Para entender por qué la Administración Pública existe y son necesarios sus profesionales, conviene recordar su origen. A medida que las sociedades se fueron conformando como tales, creció la complejidad de gestionar lo común, superando la capacidad de la autogestión directa. Se hizo necesario delegar en un grupo de personas tareas esenciales, tales como organizar recursos, velar por el cumplimiento de normas, redistribuir bienes, asegurar servicios y mantener el orden. La ciudadanía, a cambio, aceptó financiar esa estructura mediante impuestos, bajo un contrato implícito basado en tres pilares, a saber, buena gestión, mejor gobierno y transparencia. Es decir, eficiencia, responsabilidad y actuación profesionalizada. El funcionario, por lo tanto, no existe como un puesto de trabajo privilegiado, sino como una función, no se le otorga poder, sino responsabilidad.
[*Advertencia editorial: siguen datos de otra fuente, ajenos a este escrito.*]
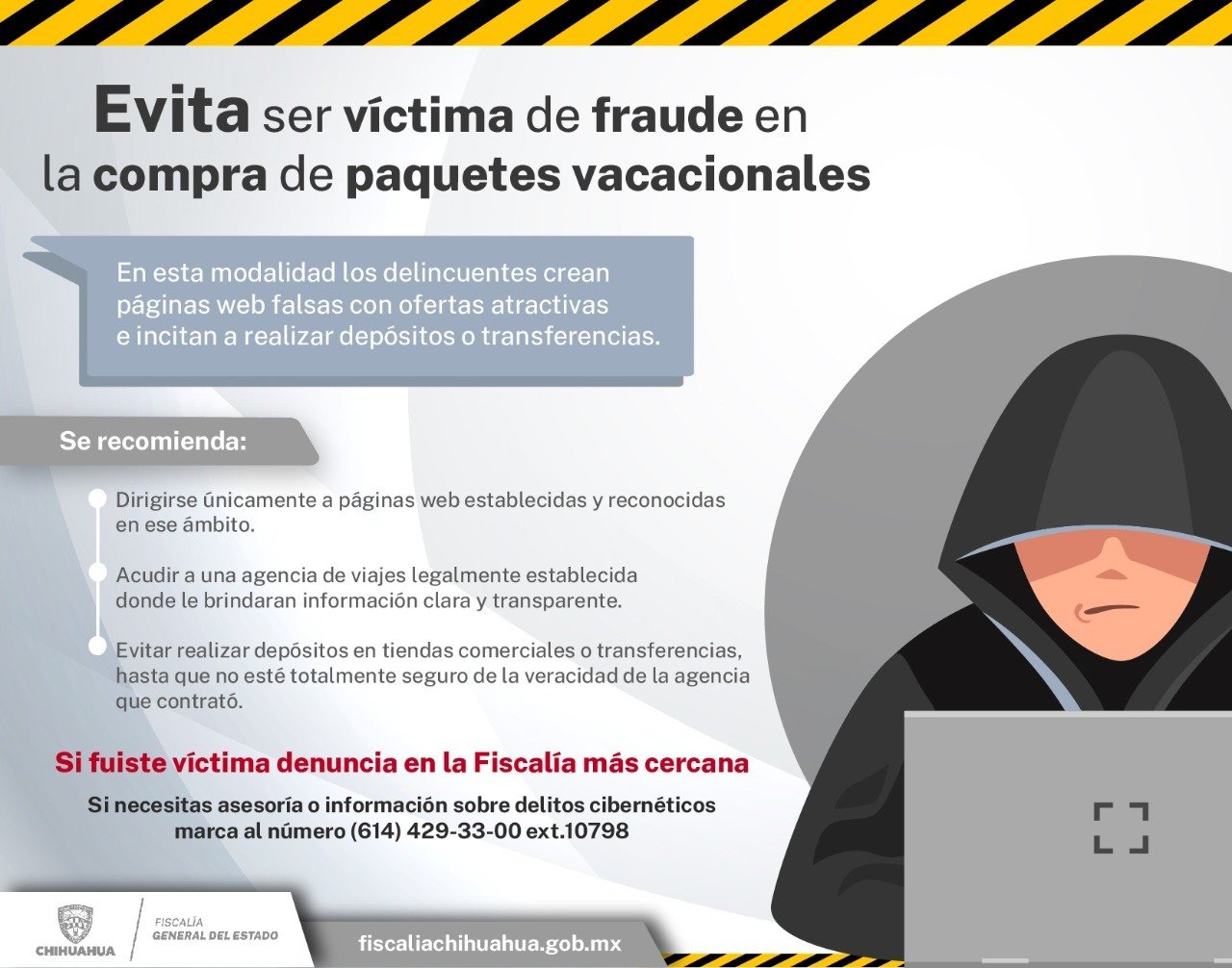Ante la cercanía del periodo vacacional de Semana Santa, la Unidad Especializada en la Investigación de Delitos Patrimoniales de la Fiscalía de Distrito Zona Sur, emite recomendaciones a la ciudadanía contra el delito de fraude cometido a través de compras engañosas de supuestos paquetes vacacionales.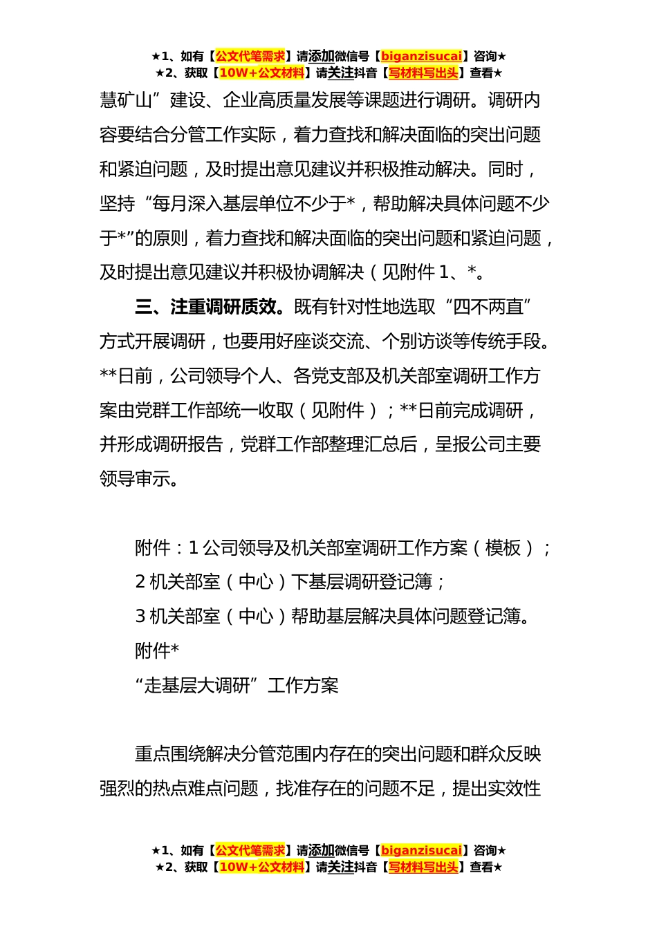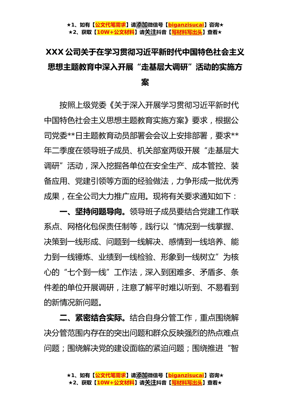 ★1、如有【公文代笔需求】请添加微信号【biganzisucai】咨询★★2、获取【10W+公文材料】请关注抖音【写材料写出头】查看★XXX公司关于在学习贯彻习近平新时代中国特色社会主义思想主题教育中深入开展“走基层大调研”活动的实施方案按照上级党委《关于深入开展学习贯彻习近平新时代中国特色社会主义思想主题教育实施方案》要求,根据公司党委**日主题教育动员部署会会议上安排部署,要求**年二季度在领导班子成员、机关部室两级开展“走基层大调研”活动,深入挖掘各单位在安全生产、成本管控、装备应用、党建引领等方面的经验做法,力争形成一批优秀成果,在全公司大力推广应用。现将有关要求通知如下:一、坚持问题导向。领导班子成员要结合党建工作联系点、网格化包保责任制等,践行以“情况到一线掌握、决策...

El reto actual consiste en reconstruir un ecosistema mental y organizativo que devuelva este origen a la conciencia profesional de quienes trabajan en el sector público. Para ello, es necesario generar una cultura donde se entienda que su misión no nace de la autoridad del cargo, sino de la legitimidad que le concede cada ciudadano que contribuye con sus recursos económicos a su mantenimiento, es decir a que cobre un sueldo.
Este cambio implica varios elementos clave. En primer lugar, formación continua en ética o moralidad pública, porque la honradez, la transparencia y la orientación al servicio no se presuponen, se cultivan. En segundo lugar, sistemas de evaluación y reconocimiento del desempeño concreto, que premien la productividad real y no solo la antigüedad o la permanencia. En tercer lugar, una comunicación interna que refuerce la idea de corresponsabilidad, recordando que cada interacción con el ciudadano representa la imagen de la Administración Pública al completo. Por último, es imprescindible romper la distancia simbólica entre el burócrata y el ciudadano, fomentando una actitud de cercanía, escucha y resolución. Un empleado público consciente de su papel no se siente intocable, sino útil, no vive de la autoridad, sino del propósito, no se blinda, sino que se compromete. Cuando esa mentalidad se impone, la Administración Pública deja de ser un aparato distante para convertirse en un auténtico servicio público, siendo eficaz, humano y unido con quienes la sostienen. Ya el presidente Ronald Reagan declaró que “el mostrador de un funcionario es lo más cerca que estaremos de la eternidad en vida”.